Люди, к сожалению, вбили себе в голову, в результате долгого процесса цивилизации, что для того, чтобы быть красивой, одежда должна быть своего рода украшением, которому отдаешь мысли своих ночей и дней. И результат в том, что большинство женщин предпочли бы последовать совету своей портнихи, чем Эпикура. Это одно из самых нелепых заблуждений, которым когда-либо следовал человеческий род. Жизнь портнихи зависит от того, чтобы она держала Эпикура одной рукой, а Двенадцать Апостолов — другой, и она, безусловно, делала это с самой блестящей эффективностью. Мы же, кто не живет портняжным делом, должны быть холодно критичны к точке зрения портнихи. Не она, возможно, изобрела, но именно она самым наглым образом поддерживает великое заблуждение цивилизованного общества, что глупые платья женщины красивее разумной одежды мужчин. Через пятнадцать тысяч лет или около того, когда идея красоты успеет развиться в крошечный бутон, люди и сверхлюди будут смеяться над этим старым абсурдом. Идея о том, что современная мужская одежда уродлива, — это обман, главным образом поддерживаемый рекламными агентами и лавочниками. Есть, признаю, многое, что можно сказать против котелка.
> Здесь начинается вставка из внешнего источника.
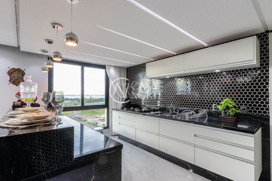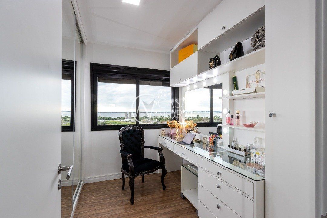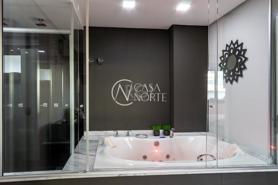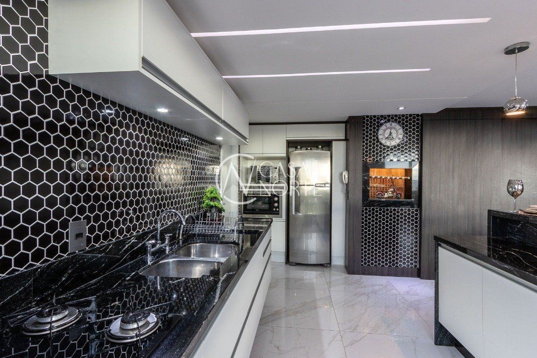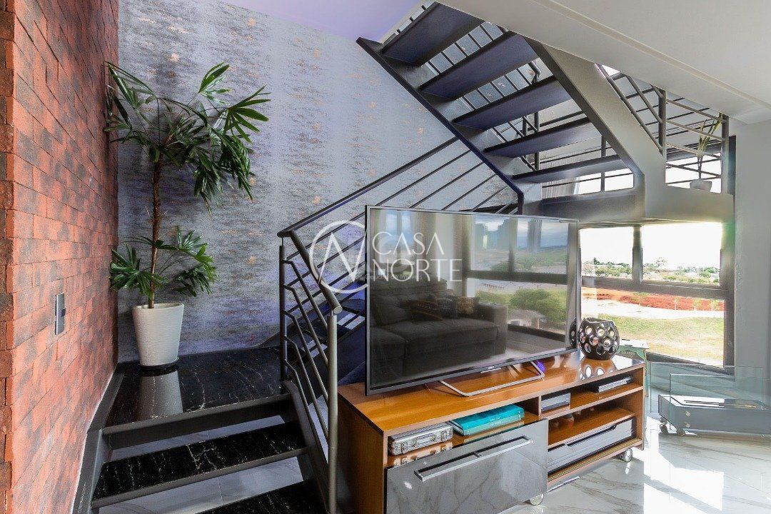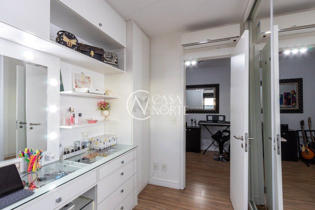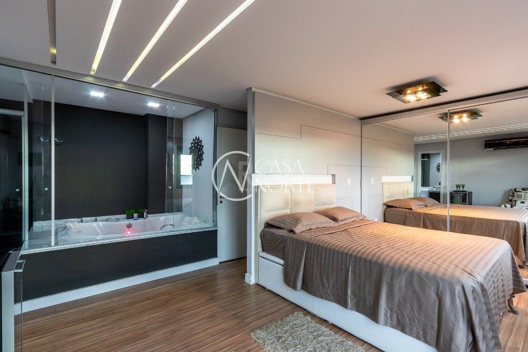 Duplex, dois dormitorios reversível para tres, com suíte master (hidromassagem), banheiro no andar superior e lavado social no piso inferior. Todas as peças com móveis sob medida, closet, escritório/sala de estudo, escada com mármore preto galáxia, bancadas e pias tbm, piso porcelanato no andar de baixo e laminado no superior, revestimento de parede com madeira, bar com iluminação e parece da escada com revestimento em tijolos. Área de serviço separada e tres vagas de garagem. Ar condicionado em todas as peças, sendo um K7 de 48 mil btus no andar inferior.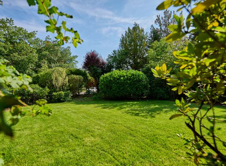 Der großzügige Garten ist liebevoll angelegt, uneinsehbar und bietet privaten Rückzugsraum im Freien - eine beruhigende, grüne Oase. Ein privater Sitzbereich lädt zum Verweilen ein, ideal für Barbecue-Abende oder ruhige Gespräche im Schatten.
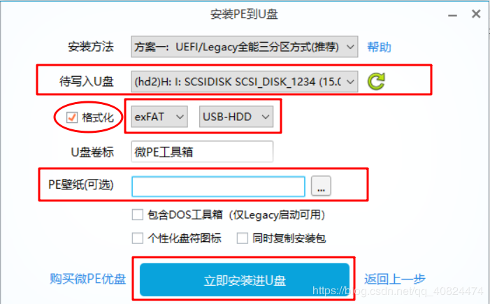 # 3、点击后进入 U 盘制作界面,此时工具箱会自动识别 U 盘信息,此时我们需要选择一些自己需要的制作信息,安装方法默认推荐的即可,默认格式化,格式化后的 U 盘格式有三种,推荐的也是默认的 exFAT 格式,U 盘运行模式为 USB-HDD,U 盘卷标可以自己取名字,PE 壁纸可以自选(重装系统时进入的引导页面的壁纸),其他默认即可。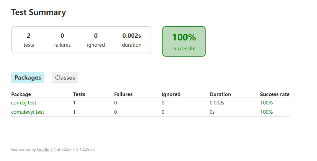 测试任务自动检测并执行测试源集中的所有单元测试。测试执行完成后会生成一个报告。支持JUnit 和 TestNG 测试。

Но пиджак, брюки и носок — до тех пор, пока он не сочетается с галстуком, — ближе к тому, что является превосходным и уместным в одежде, чем любой другой костюм, который был изобретен с тех пор, как сильный молчаливый англичанин оставил свой слой краски в лесу. Возможно, несомненно, испортить эффект всего этого слишком большим количеством складок и глажки. Дендизм означает разорение своей одежды с эстетической точки зрения. Нужно быть готовым подвергать ее воздействию любой погоды — чтобы она промокала под дождем и мялась, — если хочешь, чтобы она была действительно красивой, скажем, как старая церковь.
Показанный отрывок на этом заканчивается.